§ Source data

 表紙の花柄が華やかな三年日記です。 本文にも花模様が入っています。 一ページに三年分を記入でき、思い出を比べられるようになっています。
==
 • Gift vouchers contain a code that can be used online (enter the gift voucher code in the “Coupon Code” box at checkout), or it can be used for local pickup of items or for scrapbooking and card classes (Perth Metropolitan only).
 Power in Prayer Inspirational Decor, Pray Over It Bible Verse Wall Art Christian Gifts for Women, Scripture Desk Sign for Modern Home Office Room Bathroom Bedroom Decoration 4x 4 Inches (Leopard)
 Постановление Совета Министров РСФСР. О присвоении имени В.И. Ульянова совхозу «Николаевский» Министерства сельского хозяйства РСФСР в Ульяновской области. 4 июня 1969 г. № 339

§ Task requirements
Everything starting at the line containing "Power in Prayer" and ending at the line containing "Постановление Совета Министров" in the records above should be repeated exactly, and only that.

§ Answer to this problem
 Power in Prayer Inspirational Decor, Pray Over It Bible Verse Wall Art Christian Gifts for Women, Scripture Desk Sign for Modern Home Office Room Bathroom Bedroom Decoration 4x 4 Inches (Leopard)
 Постановление Совета Министров РСФСР. О присвоении имени В.И. Ульянова совхозу «Николаевский» Министерства сельского хозяйства РСФСР в Ульяновской области. 4 июня 1969 г. № 339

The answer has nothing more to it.